Note that this is my first round, and I don’t get very far. The idea here is to spend your money to unlock new areas, weapons, exo-suit powers and upgrades. The idea is not to just run around listening to Malkovich until you die.
If you are going to play solo, pick someone far less interesting, like Bill Paxton. His character, Mr. Kahn, is pretty much your dad. And my dad. Everybody’s dad, Bill Paxton. I found myself rooting for the zombies.
It doesn’t really matter, as the character you’re assigned is random. Probably should have mentioned that earlier.
The real fun comes from playing with other people — that’s what co-op is all about. And while the action is less structured than my beloved alien co-op from Call of Duty: Ghosts, the spirit is essentially the same. The upgrading weapons and unlocking new areas reminds me of the escalation co-op mode from Transformers: War for Cybertron, which is about as reverse a comparison as you’re likely to see. Either way, the first instalment of any four-part Call of Duty DLC co-op experience is always a little dry. It leaves room for the excitement to expand as more content drops.

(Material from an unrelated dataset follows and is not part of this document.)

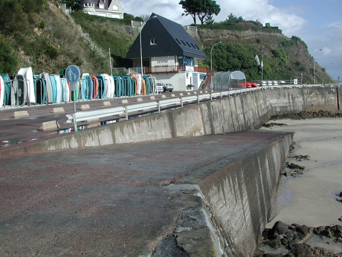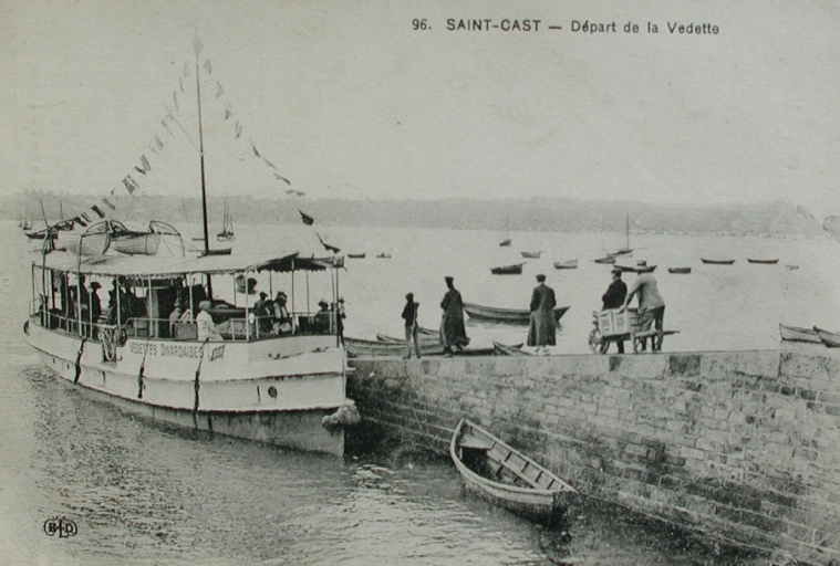 Le port du Vallais est le premier port "moderne" de Saint-Cast, après le havre de Port Jacquet, utilisé communément depuis la fin du 17e siècle, par les embarcations de pêche côtière et surtout les navires marchands, qui commercent avec Saint-Malo, transportant le poisson frais, les huîtres, les productions agricoles et surtout les platins de Saint-Cast, pour la construction de la ville de Saint-Malo. Le port du Valais relève de l'inspection des douanes de Saint-Servan. Un poste des douanes, situé au-dessus de la cale Jacquet, près du baromètre, surveille la côte et contrôle le trafic portuaire. En 1830, le port de Saint-Cast reçoit la visite de 170 navires totalisant 11.443 tonneaux. Des navires de 50 tonneaux viennent s'échouer régulièrement dans l'anse de la Vache, à quelque centaines de mètres de la carrière. Un projet de jetée ou brise-lames servant de débarcadère et de digue-abri jusqu'au rocher de la petite Feuillâtre, serait nécessaire pour améliorer l'accostage des bateaux, pouvoir augmenter leur tonnage, accueillir une station de pilotage, apporter les engrais minéraux utiles à l'agriculture. Une petite cale de 1 m de hauteur et de quelques mètres de longueur subsiste à l'est du projet initial. Les délibérations du conseil municipal vont se succéder en vain de 1860 à 1877, date à laquelle le Conseil Général des Côtes du Nord entend les doléances des Castins et demande la réalisation d'une jetée insubmersible de 80 mètres de longueur. Mais les deux avant-projets seront refusés par l'Etat, car jugés trop coûteux. Une seconde proposition plus modeste est projetée en 1882 au fond de l'anse entre la pointe du Vallais et la pointe sud de Fort-La-Lande, où la commune se propose d'établir un chemin vicinal de l'Isle St-Cast à la cale, et de fournir les pierres de construction, disponibles dans la carrière toute proche. Les latins de la carrière de Besnault (village de Lesrot) sont transportés à l'aide de civières par les ouvriers appelés perriers ou perrayeurs jusqu'à l'anse proche de la vache, où les bateaux viennent échouer sur des fonds d'herbier. Un argument nouveau vient relayer la requête de la commune, après la sécurité maritime, la création d'une station balnéaire. Mais les tergiversations vont encore durer entre la commission nautique locale, les représentants du Conseil général et des Ponts et Chaussées, avant qu'un compromis soit enfin trouvé en 1885. L'adjudication des travaux a lieu en septembre 1886 à la grande satisfaction des 160 pêcheurs de Saint-Cast, qui arment 30 bateaux. L'entrepreneur Lesaux peut commencer les travaux. Le plan définitif de la cale-débarcadère du Vallais jusqu'au rocher de la petite Feuillâtre (qui sera en partie dérasé pour l'occasion) prend forme sous le dessin de l'ingénieur ordinaire de la DDE Chicoineau en 1890. 5 aqueducs seront disposés pour permettre le mouvement des eaux à l'intérieur de la cale. Le chemin de l'Isle à la cale, large de 6 m est classé par la commission départementale en P.V. (petite vicinalité). Les marins-pêcheurs apportent leur contribution sous forme de journées de prestations volontaires. le projet définitif prolongera le quai sur une longueur de 47 mètres, avec un escalier de pierre, réalisée dans la roche, et un sentier pour faciliter le débarquement par mer calme, avant que la cale ne soit accostable. En 1892, le conseil municipal souhaite un nouvel équipement portuaire, soit une cale de radoub, s'appuyant sur un quai, pour faciliter le débarquement des marchandises (engrais marins et galets), entre son enracinement et la cabine des Ponts et Chaussées et des douanes (actuelle maison des plaisanciers). La nécessité d'un perré avec terre-plein au nord de la cale complètera au début du XX° siècle (1902-3) ce dispositif portuaire, pour accueillir les marchandises en transit (charbon). En 1925, la cale est en triste état et devra être restaurée maintes et maintes fois, en attendant la réalisation de la digue insubmersible de la pointe de l'Isle en 1970 et les enrochements de consolidation de l'anse à la Vache. En 1938, le conseil municipal projette de nouveau de rallonger la cale jusqu'au rocher de la grande Feuillâtre et de Bec Rond, en vain. En 1949, un projet de grand port est proposée par Ange Fromont, président du syndicat des marins pêcheurs de la cale du bateau de sauvetage, à la pointe de l'Isle jusqu'au rocher de la grande Feuillâtre, pour ceinturer la baie. Ce projet, qui préfigure un port en eau profonde sera repris 50 ans plus tard. Le plan régional d'équipement nautique de 1960 aura cependant permis les aménagements portuaires et les grands travaux tant attendue les années suivantes : la cale en béton du Vallais, le prolongement du terre-plein autour de la future "Maison des plaisanciers", la création d'un parking automobile, les locaux de l'école de voile et les aménagements du nouveau port, sous la conduite de l'architecte Mr Coulombeau : enrochement de l'anse à la Vache, route du sémaphore, dérochage de la plage de la Fresnaye, digue, jetée insubmersible, cale de mise à l'eau, terre-plein. Mais la tempête de 1987 allaient anéantir une bonne partie de ces efforts d'aménagement du nouveau port à échouage. Un projet de port en eau profonde pour la pêche et la plaisance est aujourd'hui en projet pour la première décade de l'an 2000 : une digue devrait enfin relier les rochers de la Feuillâtre et de Bec Rond, avec un seuil, pour ceinturer le port et assurer un meilleur abri aux bateaux. Cependant, le port du Vallais est toujours utilisé par les marins-pêcheurs et les plaisanciers, pour caréner leur bateau, effectuer une réparation, ou utiliser les commodités d'un échouage, à l'abri de la digue, ou encore pour remonter sur la cale des embarcations de moindre tonnage. Aujourd'hui, l'appellation courante de port du Vallais englobe le nouveau et l'ancien port, avec une rue

Lovely, isn’t it? The phrase “Rose McGowan’s signature wit” comes to mind before dissolving into a cloud of uncertainty.
I’ve barely scratched the surface of the Exo Zombie mode. I plan on playing it as much as I possibly can today, if only to look busy so the other Kotaku people in New York City this week think I’m really productive. Then I can go home on Saturday and resume my regularly scheduled mid-day chair naps.
Have you played Exo Zombies yet? If so, how do you feel about Rose McGowan’s signature wit?